MANUFACTURER(S): Miles Aircraft - UK
OPERATORS: United Kingdom (cancelled)
LENGTH: 30.68 feet (9.35 meters)
WIDTH: 34.58 feet (10.54 meters)
HEIGHT: 12.50 feet (3.81 meters)
WEIGHT (EMPTY): 5,919 pounds (2,685 kilograms)
WEIGHT (MTOW): 8,001 pounds (3,629 kilograms)
ENGINE: 1 x Rolls-Royce Merlin XX V12 liquid-cooled inline piston engine developing 1,260 horsepower.
SPEED (MAX): 333 miles-per-hour (536 kilometers-per-hour; 289 knots)
RANGE: 920 miles (1,481 kilometers; 800 nautical miles)
CEILING: 32,808 feet (10,000 meters; 6.21 miles)
RATE-OF-CLIMB: 2,222 feet-per-minute (677 meters-per-minute)
Detailing the development and operational history of the Miles M.20 Low-Cost Monoplane Fighter Prototype.
Entry last updated on 9/5/2017.
Authored by Staff Writer. Content ©www.MilitaryFactory.com.
Victory for Britain in the early stages of World War 2 (1939-1945) was not assured and this led the nation to invest in many programs to meet emerging wartime requirements. One issue at hand was the shortage of capable frontline fighters of modern design, the current stable made up of prewar Hawker Hurricanes and Supermarine Spitfires which were capable aircraft but there was no guarantee of their availability if war material or production was disrupted by German bombers.
Back in 1938, Frederick George Miles, technical lead at Phillips & Powis Aircraft Ltd (to become Miles Aircraft in 1943), penciled out a low-cost, wooden single-seat, single-engine monoplane fighter on his Miles "Master" - a low-wing monoplane trainer of which some 3,250 were ultimately built for the Royal Air Force and foreign customers. The gull-wing planform was retained in the new design and power would be served from a Rolls-Royce "Peregrine I" series inline engine fitted at front. Work continued on the design, which now carried the company model designation of "M.20" and a mockup was constructed in an effort to sell the type to the British government who gearing up for war. The aircraft was looked over during late June of 1939, prior to Britain's entry into World War 2, but interest was low and the design ultimately passed on.
Everything changed in September when Germany crossed into Poland and forced Britain and France into a new World War in Europe. When France fell to the German onslaught, all of the pressure fell, in turn, to Britain which ultimately led to the "Battle of Britain" - the grand air war which saved the Empire and sent German warplanners an uncharacteristic defeat.
The Miles company had continued work on the M.20 and, in June of 1940, delivered its revised M.20/2. Air Ministry interest was now piqued and this led to an important meeting in July to forward the M.20 project some. A window of three months was assigned to the design team and a contract was given for a single flyable prototype to be completed.

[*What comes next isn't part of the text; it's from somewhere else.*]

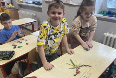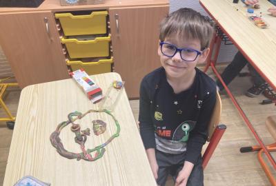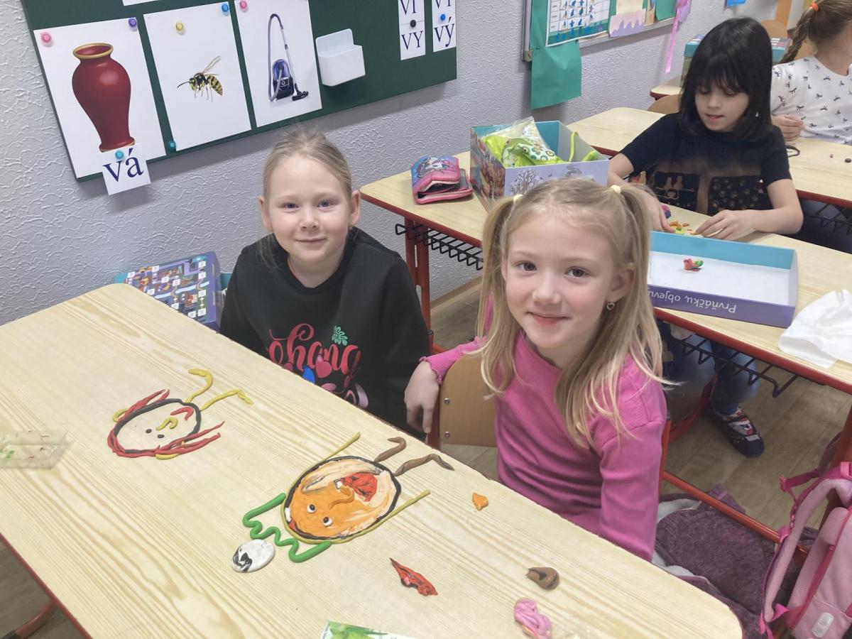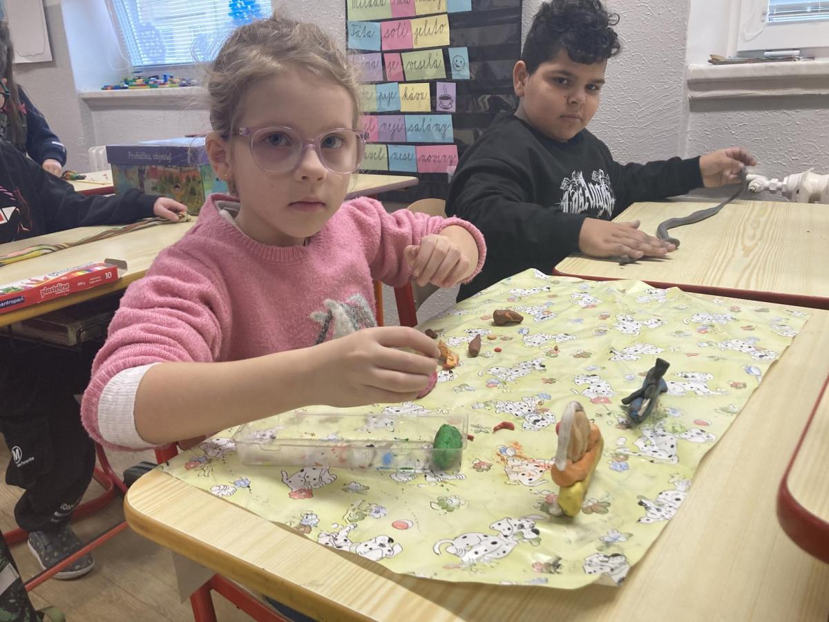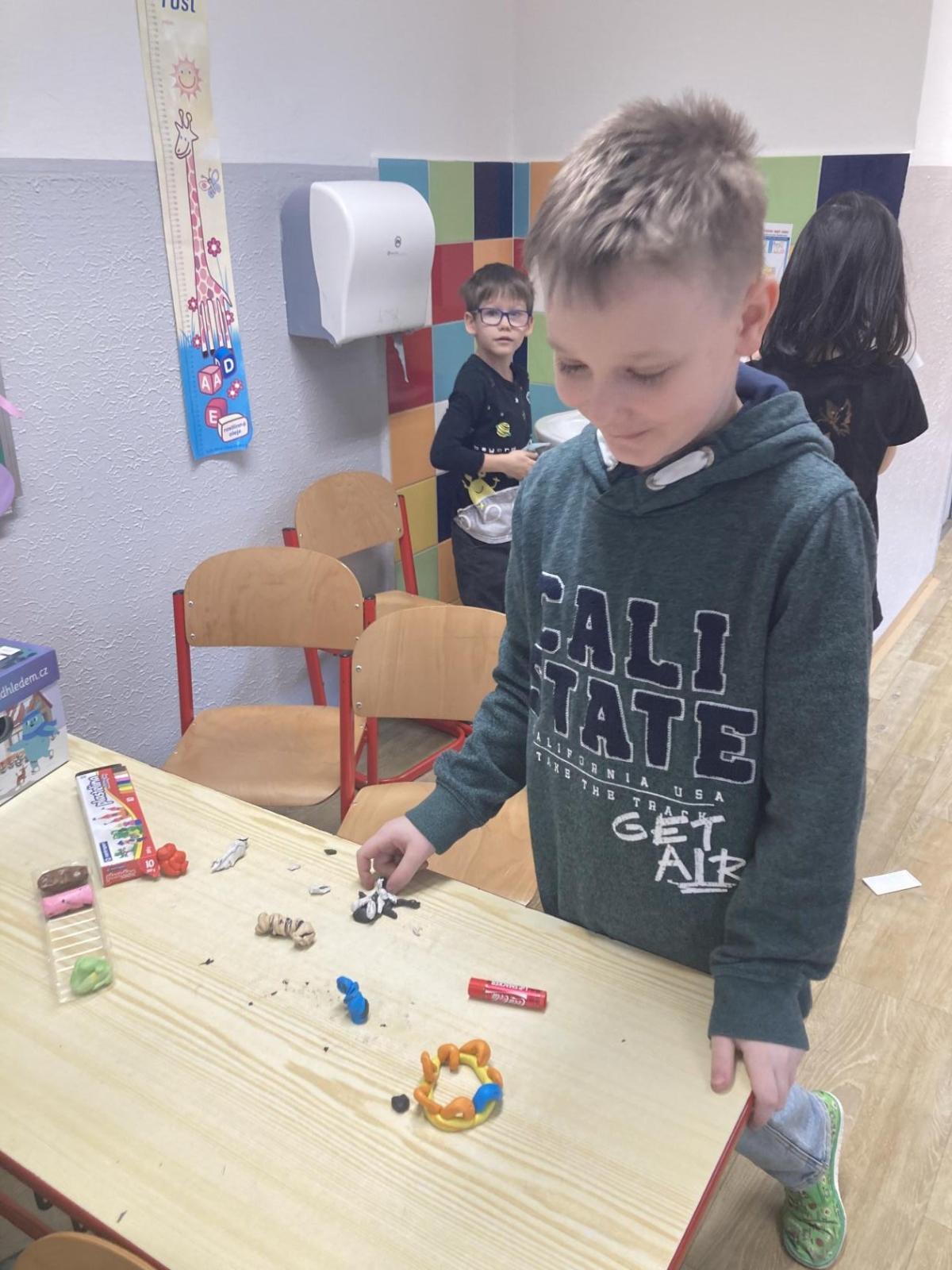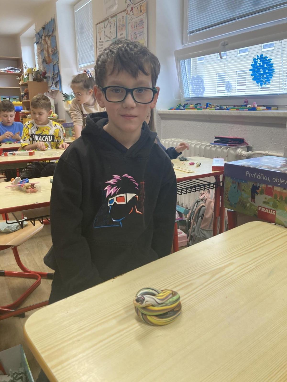 Při pracovních činnostech jsme v předprázdninovém týdnu opět vytáhli modelínu. Modelování nás moc baví! Každý měl za úkol vymodelovat svůj portrét. A jak se práce zdařila? Velmi! Novým spolužákům se ale do učení moc nechtělo, tak nakonec skončili přetvoření jako kočička, žralok a další potvůrky, které nás zrovna napadly.

There were also restrictions to further challenge the group and this included use of an existing engine (the Rolls-Royce Merlin XX became the front-runner) and other fighter aircraft related components. The aircraft would have to feature a fixed wheeled undercarriage to simplify operation, rely heavily on wood in its construction (metal was a fast becoming a rare available material), and there would have to be a complete lack of complex hydraulics to simplify construction.
Beyond all this, the Air Ministry also was looking for an aircraft with very modern fighter-like performance. Required speeds were in the 350 mile-per-hour-range and a service ceiling of 32,000 feet was envisioned. For armament, it was requested that the fighter carry four 0.303 machine guns in each wing for a total of eight guns.

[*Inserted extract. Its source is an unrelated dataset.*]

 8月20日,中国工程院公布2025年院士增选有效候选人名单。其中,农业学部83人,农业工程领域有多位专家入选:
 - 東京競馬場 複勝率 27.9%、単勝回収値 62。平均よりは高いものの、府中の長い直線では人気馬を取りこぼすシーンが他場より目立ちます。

The specification written to cover the new design became F.19/40.
Miles engineers returned with an admirable design considering the restrictions heaped upon the project and the limited timeline. A well-streamlined wooden fuselage was developed with the engine fitted to the front using the original Bristol Beaufighter engine mounting. A useful bubble-style canopy covered the single-seat cockpit which sat near midships and offered excellent vision save for over the nose. The wing mainplanes were slightly ahead of midships and given elegant lines that included curved tips. The tail unit was conventional overall and sat a single vertical fin between two low-mounted tailplane units. The fixed undercarriage was spatted at the two main legs for aerodynamic efficiency and a tail wheel supported the rear section of the aircraft when on the ground. A large spinner was fitted at the nose as part of the three-bladed propeller with an air scoop showcased under the nose.

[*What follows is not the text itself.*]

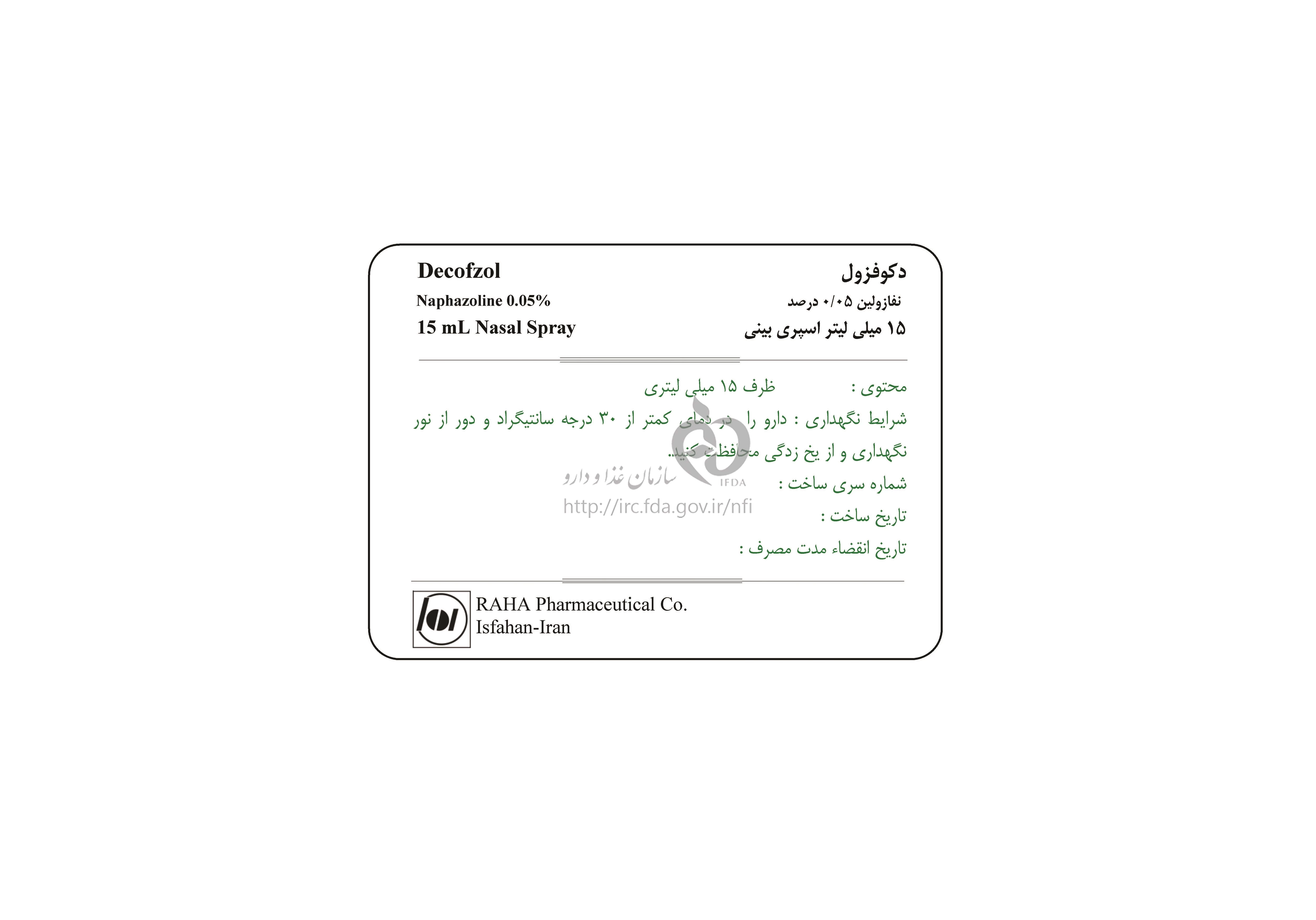 دکوفزول اسپری اسپری از راه بینی 0.05 % 15MILLILITER

The company had produced the fighter in short order - it was flying even before the imposed Air Ministry deadline as it recorded a first flight on September 15th, 1940, just nine weeks after the beginning of the design phase! Because of the drag incurred by the fixed undercarriage care was taken at the fuselage and wings to streamline these elements as much as possible. The wooden wings were also thicker than more modern metal ones and this only served to add additional drag when cutting through the air. However, Miles personnel instituted all manner of engineering to remedy these issues as best they could.
During testing the aircraft exhibited good controlling on the whole and performance was sound. It was found that the compact aircraft did require quite a bit of runway to get airborne. Diving characteristics were ultimately proven and spin/stall recovery was as expected. A slight issue with the rudder forced a cut-off rear section of fuselage to be fitted and the vertical tailfin moved further aft. During a test flight in February of 1941, the prototype's brakes locked up and this led to a crash of the aircraft upon landing - though the pilot managed to survive. In any event the first prototype was lost and its remains ultimately scrapped (after the war).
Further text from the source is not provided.